The other method is to caulk all the cracks in the stucco. This will stop the water from getting into the stucco. It will also prevent the stucco from transferring the water to the inside of the house. This is very important because water damage can be catastrophic to your home. It could even lead to mold growth.
New Jersey and New York homeowners are quickly discovering that their homes are made of a less than desirable product, referred to as stucco. Stucco is an exterior, or home, siding made of Portland cement, sand, lime, and water. Applied in three coats over a lath base, it provides a solid, durable, and seamless home exterior.

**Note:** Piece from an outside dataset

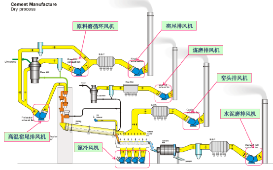 在水泥生產(chǎn)線中,風(fēng)機(jī)是水泥廠的第二大功率消耗設(shè)備群, 一條中等規(guī)模的水泥生產(chǎn)線,僅大型風(fēng)機(jī)就有7-10臺(tái),小型風(fēng)機(jī)百余臺(tái)。

Traditional Stucco Siding Installation
Installing stucco over mesh is the traditional, and most common, method of installing this siding material. It involves applying the aforementioned concrete mixture over a wire or wood lath. Traditional stucco siding usually has an expansive, acrylic-polymer finish, which will expand and contract with the weather. This keeps cracks to a minimum and means the siding can easily last up to 50 years before needing to be replaced.
Synthetic Stucco Siding
There is a new wave in stucco, referred to as an Exterior Insulation and Finish Systems (EIFS). An acrylic-polymer coat of Styrofoam based stucco is sprayed, or applied, onto a base of fiberglass mesh and foam board insulation. EIFS virtually never cracks, and it gives your home extra insulation as well. It is a little more expensive than the traditional stucco finish, and EIFS is more vulnerable to high impacts, such as hail or woodpecker damage, than traditional stucco siding.
Surprisingly, damages cannot usually be seen by just visually examining the building. Condominium buildings covered with stucco or EIFS therefore require careful, skilled inspections to determine if they are damaged. It is imperative that the Association have moisture probes done on its buildings to determine if excessive moisture is damaging the sheathing or framing under the stucco or EIFS.